Karina Sharif | In Her Absence: Matriarchal Musings

September 5-7, 2025 | The Armory Show Booth P30: Javits Center, New York

Gallery 495 is proud to present  In Her Absence: Matriarchal Musings, a solo presentation by Brooklyn-based multidisciplinary artist Karina Sharif at The Armory Show 2025. Sharif’s practice centers on the divine multiplicity of Black Femme-hood, explored through sculptural works made of natural elements. Her sculptures present a tactile and luminous exploration of lineage, legacy, and the unseen bonds between women across realms. Inspired by oral histories of her maternal ancestors from 19th and 20th-century rural Jamaica, Sharif transforms memory into sculptural forms that bridge spiritual and physical worlds.

The collection—comprising ceramic, steel, paper, ink, and family-found objects—draws on matriarchal traditions of farming, weaving, sewing, and craft. Stones gathered with her mother by the sea during childhood travels become embedded in lamps, incense holders, wall sculptures, and beaded totems. These works function as transmissions, offering a visual language for intergenerational care and guidance.

Sharif references the Lukasa board of the Luba people of the Democratic Republic of Congo, a mnemonic device used to preserve genealogies and cultural history through touch. Similarly, her works invite viewers into active communion rather than passive observation.

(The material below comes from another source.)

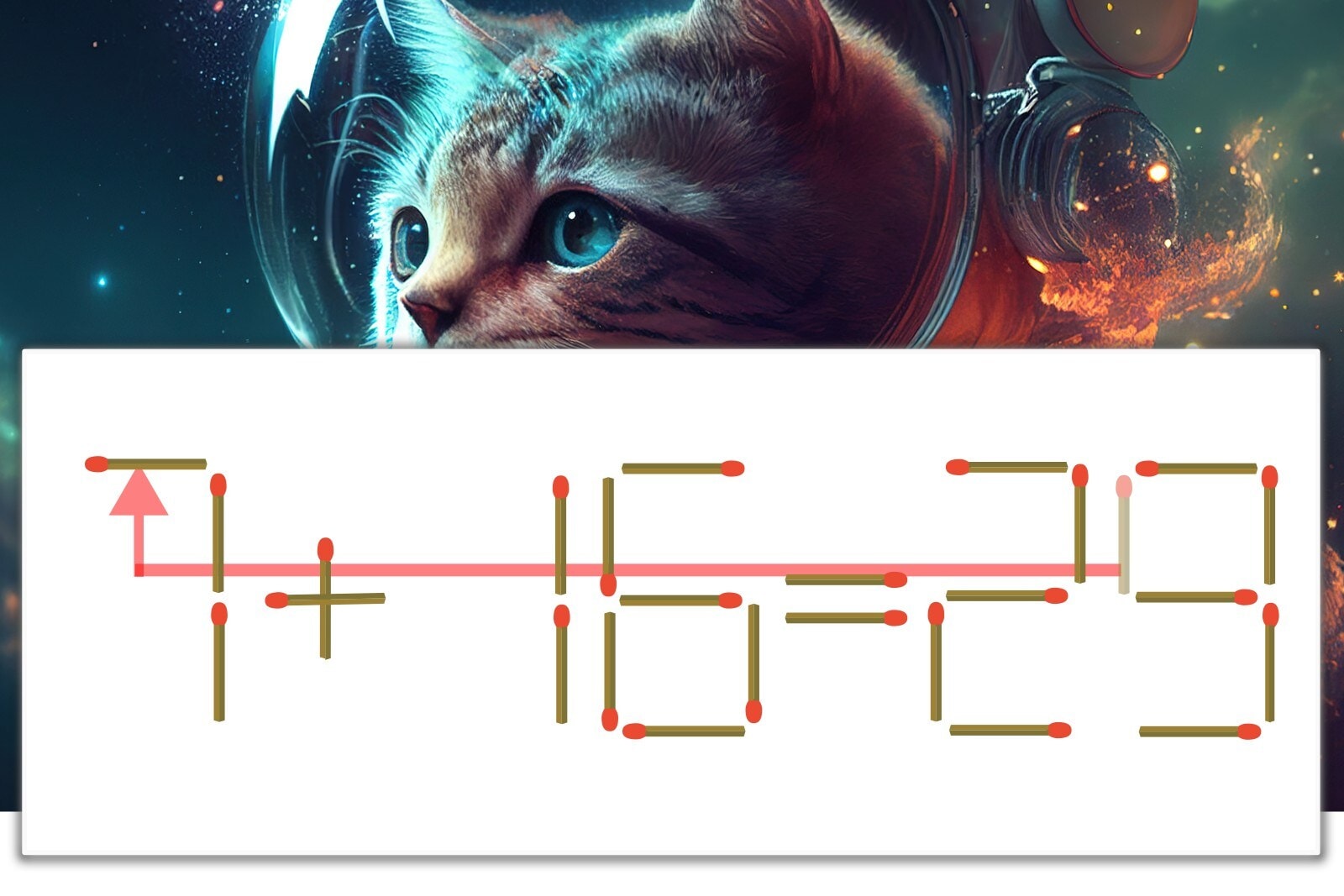 「9」を別の数字に変化させると答えが導き出せます。「9」のマッチ棒を1本移動して、「1」を「7」にしてみましょう。すると、「7+16=23」が成立します。

“In this body of work, I wanted to articulate the sacred lines of communication between realms—how they inspire groundedness, joy, love, and expansion,” says Sharif.


Ellon Gibbs|Ambush in the Night

May 8–11, 2025 | Independent: Spring Studios, New York

Gallery 495 is proud to present a solo booth by Brooklyn-based artist Ellon Gibbs at the 2025 Independent Art Fair, running from May 8–11. Gibbs, 29-year-old artist from Brownsville, NY, brings a striking new body of work that explores the primal relationship between humanity and nature—raw, unfiltered, and urgent.

Gibbs' paintings feel both ancient and contemporary, existing in an enigmatic space that is unplaceable yet deeply familiar. His figures are locked in moments of survival—running, attacking, clinging to life—set against landscapes saturated in color, almost aflame. The unseen presence of fire and destruction hints at an underlying unraveling, a reflection of societal fractures and looming crisis.

Subtle yet unflinching, Gibbs' work offers a brutal commentary on contemporary life. His dystopian environments speak to a learned disconnect—between ourselves and nature, between our food sources, between our fellow humans. Growing up in the populated architecture of New York City, he reflects on the paradox of urban life: millions living side by side, yet isolated within their own apartments or screens.

Within the chaos, there is a call for return, a return to something instinctual, rooted in our mammalian nature. This series, while dark and evocative of end times, suggests a path forward: a reckoning with what we’ve lost and what we might reclaim.